- Diocese: Diocese of London
- In office: 1 January 2016 – 31 December 2018 (res.)
- Other post: Adviser to the Bishop of London (2019–present)

Orders
- Ordination: 1996 (deacon) 1997(priest)

Personal details
- Born: 1967 (age 58–59)
- Education: Park High School Nelson and Colne College
- Alma mater: University of Kent

= Rosemary Lain-Priestley =

Rosemary Jane Lain-Priestley (born 1967) is a Church of England priest and former Archdeacon for the Two Cities.

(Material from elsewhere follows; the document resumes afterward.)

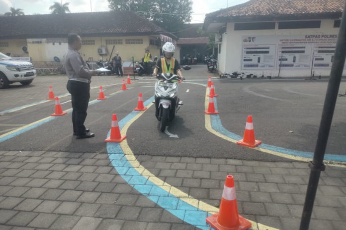 Tes praktek SIM yang digelar di Polres Jembrana. Masyarakat pemohon SIM bisa lebih cepat sesuai jadwal tanpa antre dengan mendaftar digital. (BP/Olo)

==Early life and education==
She was born in 1967 in Lancashire, England. She was educated at the University of Kent and worked as an immigration adviser until joining the Carlisle Diocese Training Course. She holds an MA from King's College London.

==Ordained ministry==
She was ordained deacon in 1996 and priest in 1997. After curacies at St Paul, Scotforth and St Martin-in-the-Fields she was the Dean of Women's Ministry in the Two Cities Area from 2006 to 2015. In 2016 she became the Associate Archdeacon of London, working with Luke Miller, the Archdeacon of London. She was collated to the Archdeaconry of Charing Cross, but her title was later revised to "Archdeacon for the Two Cities". She resigned her archdeaconry on 31 December 2018, to become an Adviser to the Bishop of London.

== Personal life ==
She is married and has three children, two daughters and one son.